Mushrooms to help stop climate change

A new discovery highlights the important role fungi play in helping to slow climate change. These mycorrhizal fungi are instrumental in absorbing and storing carbon dioxide.

According to the United Nations (UN), “the amounts of greenhouse gases (GHG) in the atmosphere have increased to levels not seen in three million years”. That is, according to the organization, “As the population, economy and standard of living grow —with the consequent increase in consumption— the accumulated level of emissions of these types of gases also grows.”.

Recently, a study was carried out by scientists at the University of Sheffield in England, which revealed interesting information about mycorrhizal fungi. According to this study published in the journal current biologythese fungi are estimated to store approximately 13.12 gigatons of carbon dioxide underground each year, equivalent to 36% of global fossil fuel emissions.

The study

The study was carried out, among others, by Katie Field -Professor of Plant-Soil Processes at the University who highlighted that: “Mycorrhizal fungi are a blind spot in carbon modeling, conservation and restoration, but the numbers we uncovered are staggering. Soil ecosystems are being destroyed at an alarming rate by agriculture, development and other industries, but the wider effects of disturbing soil communities are poorly understood.”.

By not knowing about these findings, we sabotage our efforts to limit global warming and harm the ecosystems we depend on. More needs to be done to protect these underground networks: we knew they were essential for biodiversity, but now we have evidence that they are crucial to the health of our planet.’ he added.

Underground fungal networks to stop climate change

A new discovery highlights the important role fungi play in helping to slow climate change.  These mycorrhizal fungi are instrumental in absorbing and storing carbon dioxide.

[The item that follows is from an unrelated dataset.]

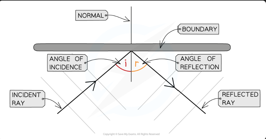 The angles of incidence and reflection are usually labelled i and r respectively

In the fight against climate change and building a sustainable future, it is increasingly crucial to protect underground fungal networks. These networks play a key role in combating the negative effects of climate change and maintaining the ecological balance.

It turns out that these fungi have the ability to store about a third of global carbon dioxide (CO2) emissions from burning fossil fuels. These bodies are of great importance in offsetting greenhouse gas (GHG) emissions and achieving the “net zero” target established by the United Nations, whose objective is to significantly reduce emissions, bringing them as close as possible to levels close to the steel. In addition, efforts are being made to ensure that the oceans and forests can absorb the remaining emissions.

For more than 450 million years, fungi have been present in various ecosystems such as grasslands, forests, roads, gardens and homes. Not only do these organisms store carbon and help cool the planet, they also play a critical role in preserving biodiversity.

Toby Kiers, another of the authors involved in the study, is part of the Vrije University of Amsterdam and the Society for the Protection of Underground Networks. His analysis contributes to a global effort to understand the role fungi play in terrestrial ecosystems.

Mycorrhizal fungi play a key role in the food webs that sustain life on our planet. Although we are still in the early stages of understanding how they work, much remains to be learned about these organisms and their ecological importance.

Biodiversity and ecosystems

As the importance of biodiversity is increasingly recognized, we now have concrete evidence that living things are essential to maintaining the health of our planet.

The scientists who carried out this study highlight the importance of valuing mushrooms and the need to preserve them. It is essential that policy makers consider these findings when formulating policies and actions for their conservation.

Human activity is causing an alarming degradation of soil ecosystems, which has serious consequences. According to UN estimates, it is expected that by the year 2050, approximately 90% of soils will be in a state of degradation. This situation may have negative consequences not only for the fight against climate change and rising temperatures, but also for agricultural and plant productivity.

Researchers’ quest to curb climate change

Experts are conducting studies to determine the duration of carbon storage by soil fungi, as well as the role they play in ecosystems. This research seeks to learn more about how fungi contribute to the carbon cycle and how they can influence the health and stability of our ecosystems.

To protect the health of our soils, it is essential to stop degradation and promote sustainable practices that protect the integrity of underground fungus networks. These networks play a crucial role in ecological balance and are essential for maintaining the health of Earth’s ecosystems.

By promoting eco-friendly practices, we can preserve these valuable natural resources and ensure a sustainable future for generations to come. This action will not only help reduce the effects of climate change, but will also ensure the health of the ecosystems we depend on for food and well-being.